The heart knows

That kitchen scene we talked about. We said the granite would be black. We visualized dinner waiting you sitting on top. Pulling your pants off. Pulling your panties off. Taking my shirt off. Your hands on my chest. Your touch, my chest.

I didn’t stoop to your lower Mrs. I didn’t put my hands on the growing surge of moisture. I kissed you and entered you. Long and deep.. your hands in my chest. Needy from nipple to clavicle. My stroke on my toes, long and deep. Your voice “don’t stop. Don’t you fucking stop,” my stroke urgent long… deep.

Your orgasm and mine, like in the bedroom ten minutes before.. the five days in bed coming to this….

The heart is quiet knowing, my nose is listening intently, our chemistry unmistakable.

Ten minutes of licking and sucking flicking my tongue and clamping your thighs.. the multiple death of your breath again and again

The heart is aware, and throwing blood and endorphin.
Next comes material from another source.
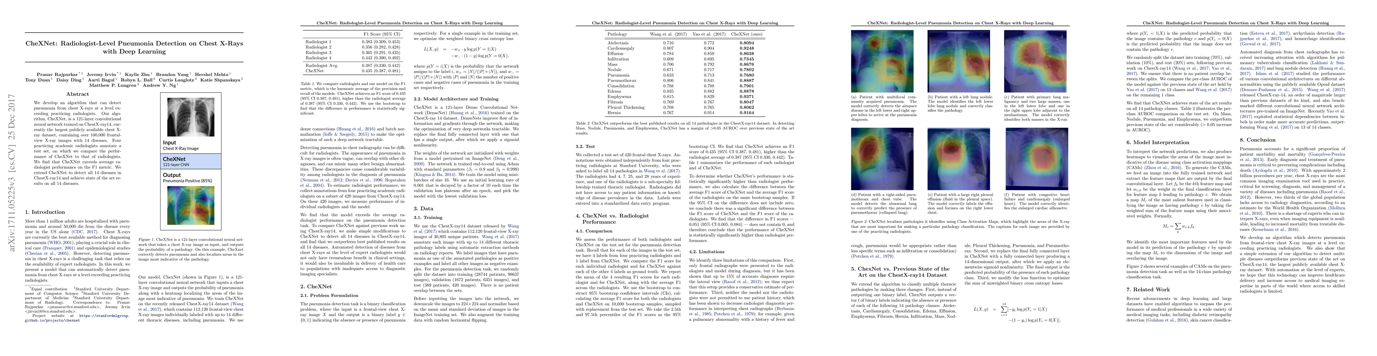 CheXNet, a 121-layer convolutional neural network, surpasses average radiologist performance in detecting pneumonia from chest X-rays, and achieves state-of-the-art results for detecting 14 diseases in the ChestX-ray14 dataset. The algorithm's performance is validated against annotations from practicing radiologists.

The taste of my readiness in my mouth, the screaming need forcing me forward. Your voice, “my God, right there, again, fuck babe, don’t stop,”.

The memory is like a open book, the soiled bedding after hours and days of giving, pulling, loving, your voice “ tell me,babe tell me,…babe …babe …tell me”.
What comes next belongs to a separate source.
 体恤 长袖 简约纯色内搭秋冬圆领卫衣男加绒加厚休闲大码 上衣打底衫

The laptop is edging toward a fall. I am in you, pushing it up and away. The eye roll and the way you move under me .. pulling me into you. Saying and kissing “ i love you, I love you, I love you”.

The heart is climbing the peaks of the gutter filled mind. The heart is running beside a long hair dog and feeding the animal.

The heart knows what is. It is the beginning and the end.